The delusions and tragic events at Bly are a result of norms that were expected to be followed. Throughout the novel it is evident that the governess is suppressing both her sexual and her romantic feelings and realizing them through means of fantasizing. Later on, this kind of behavior results in her projecting her desires, of which she believed were corrupt, onto fictional ghosts of her imagination. As previously stated, this was all dictated by the society she was part of. The expectation to marry and to repress her emotions lead to not only her delusions but also the demise of those closest to her. This further proves that the norms people collectively decide to live by have a deeper and more severe impact on people than evident in our day-to-day lives.
Bibliography
- Degler, Carl N. 1974. 'What Ought to Be and What Was: Women's Sexuality in the Nineteenth Century.' The American Historical Review 79, no. 5: 1467-490. https://doi:10.2307/1851777.
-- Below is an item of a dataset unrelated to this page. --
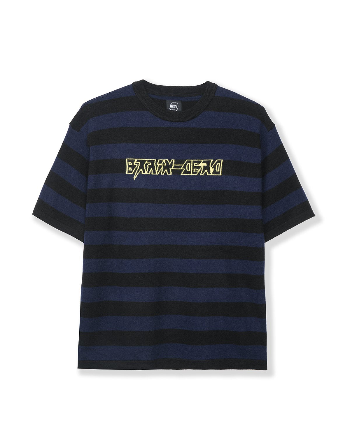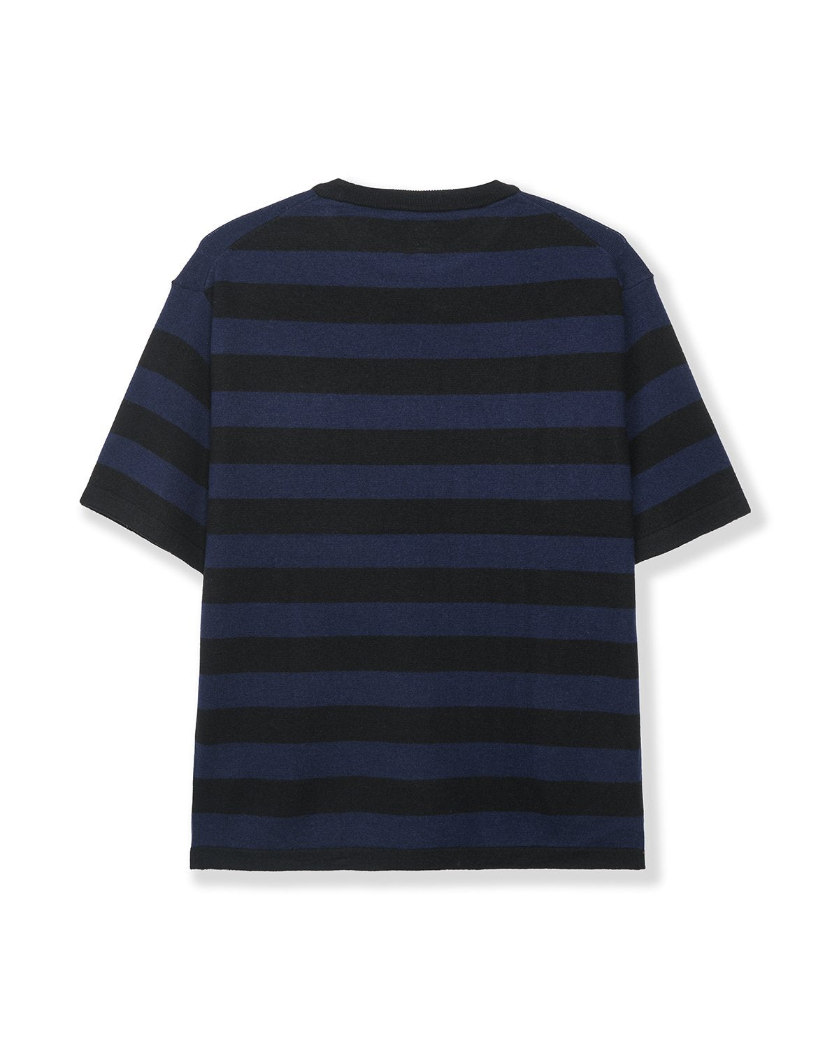 Merino Splatt Short Sleeve Stripe Sweater - Black/Blue

- Goddard, Harold C. 1957. 'A Pre-Freudian Reading of The Turn of the Screw.' Nineteenth-Century Fiction 12, no. 1: 1-36. https://doi:10.2307/3044415.
- Gorham, Deborah. 2012. The Victorian Girl and the Feminine. London: Imprint Routledge. https://doi.org/10.4324/9780203104095.
- Halttunen, Karen. 1988. “'Through the Cracked and Fragmented Self': William James and The Turn of the Screw.”: American Quarterly 40, No. 4: 472-490.
- James, Henry. 2017. “The Turn of the Screw.” In The Turn of the Screw and Other Ghost Stories, edited by Susie Boyt, 148–258. London: Penguin Classics.
- Nardin, Jane. 1978. ''The Turn of the Screw': The Victorian Background.' A Journal for the Interdisciplinary Study of Literature 12, no. 1: 131-42.